Provided data:
★ ★ ★ ★ ★
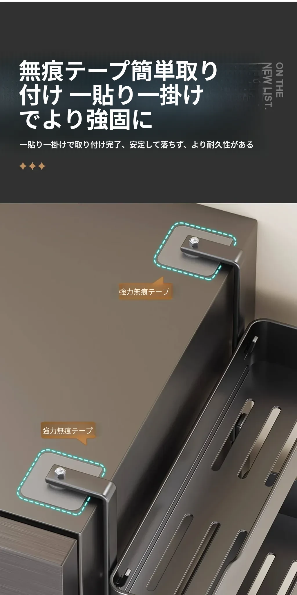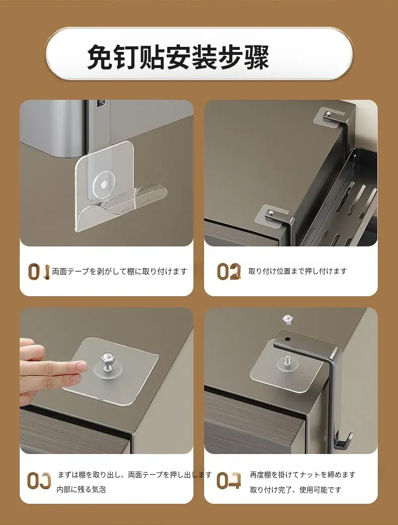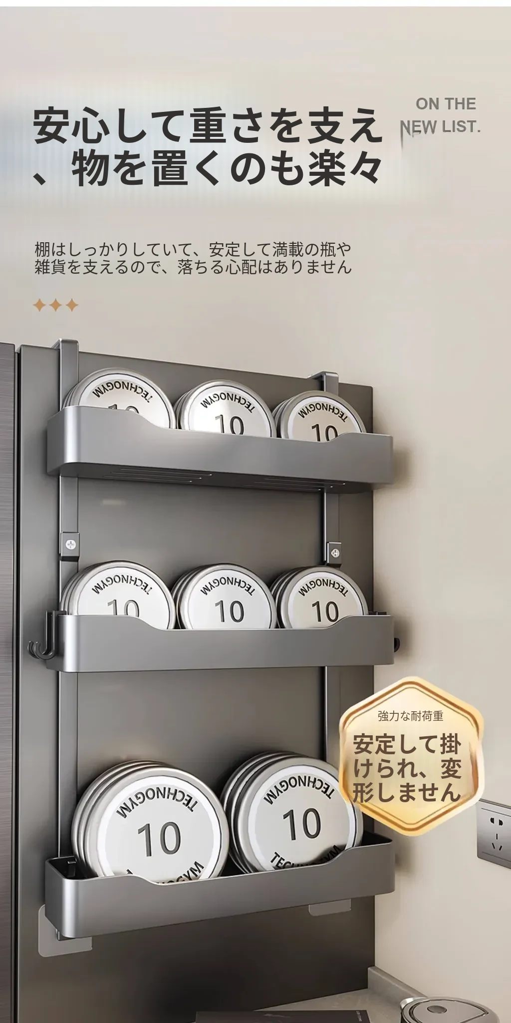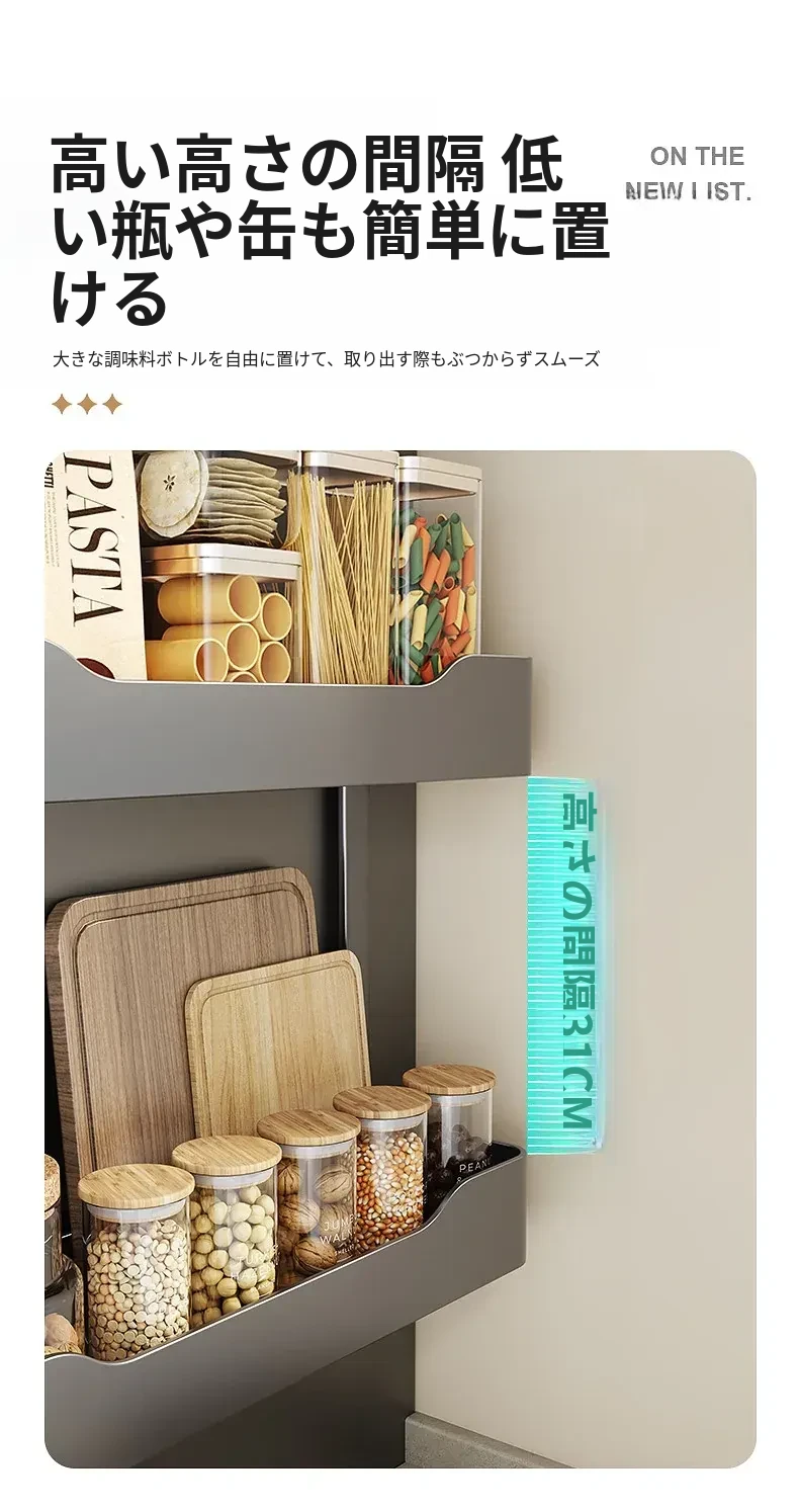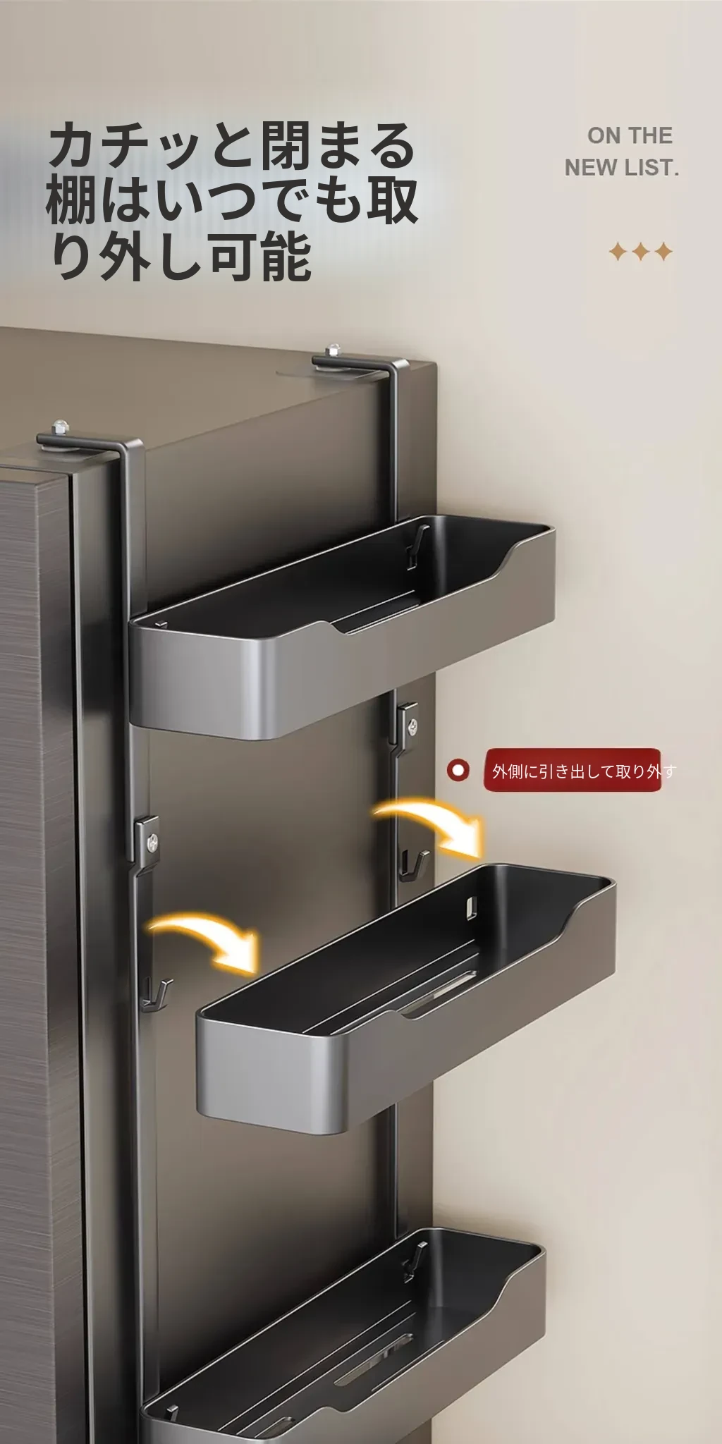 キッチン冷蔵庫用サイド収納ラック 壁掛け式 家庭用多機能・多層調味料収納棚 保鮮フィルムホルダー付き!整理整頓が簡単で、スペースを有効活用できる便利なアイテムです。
★ ★ ★ ★ ★
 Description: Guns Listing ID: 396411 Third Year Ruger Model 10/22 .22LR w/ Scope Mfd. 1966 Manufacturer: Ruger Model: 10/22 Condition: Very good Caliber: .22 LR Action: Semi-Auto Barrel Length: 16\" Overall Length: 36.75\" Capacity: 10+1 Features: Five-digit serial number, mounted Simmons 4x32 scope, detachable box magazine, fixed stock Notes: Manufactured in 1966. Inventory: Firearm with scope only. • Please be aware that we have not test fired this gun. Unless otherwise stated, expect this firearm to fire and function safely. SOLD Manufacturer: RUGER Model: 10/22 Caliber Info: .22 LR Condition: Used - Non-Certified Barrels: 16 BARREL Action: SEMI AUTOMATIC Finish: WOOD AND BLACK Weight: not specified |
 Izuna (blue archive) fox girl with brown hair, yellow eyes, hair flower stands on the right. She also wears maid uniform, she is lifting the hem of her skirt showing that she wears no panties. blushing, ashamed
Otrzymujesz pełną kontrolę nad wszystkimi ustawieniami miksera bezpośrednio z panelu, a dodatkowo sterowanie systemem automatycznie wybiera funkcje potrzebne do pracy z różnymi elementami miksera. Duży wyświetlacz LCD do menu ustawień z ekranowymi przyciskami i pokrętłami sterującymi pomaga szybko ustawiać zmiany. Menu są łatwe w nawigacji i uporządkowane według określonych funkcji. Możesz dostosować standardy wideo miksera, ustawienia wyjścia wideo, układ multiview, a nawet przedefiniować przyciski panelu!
★ ★ ★ ★ ★
Task to complete:
Looking at the data above, return every line from the one with "Izuna (blue archive)" down to the one with "Otrzymujesz pełną kontrolę", exactly and inclusively.

Problem solution:
 Izuna (blue archive) fox girl with brown hair, yellow eyes, hair flower stands on the right. She also wears maid uniform, she is lifting the hem of her skirt showing that she wears no panties. blushing, ashamed
Otrzymujesz pełną kontrolę nad wszystkimi ustawieniami miksera bezpośrednio z panelu, a dodatkowo sterowanie systemem automatycznie wybiera funkcje potrzebne do pracy z różnymi elementami miksera. Duży wyświetlacz LCD do menu ustawień z ekranowymi przyciskami i pokrętłami sterującymi pomaga szybko ustawiać zmiany. Menu są łatwe w nawigacji i uporządkowane według określonych funkcji. Możesz dostosować standardy wideo miksera, ustawienia wyjścia wideo, układ multiview, a nawet przedefiniować przyciski panelu!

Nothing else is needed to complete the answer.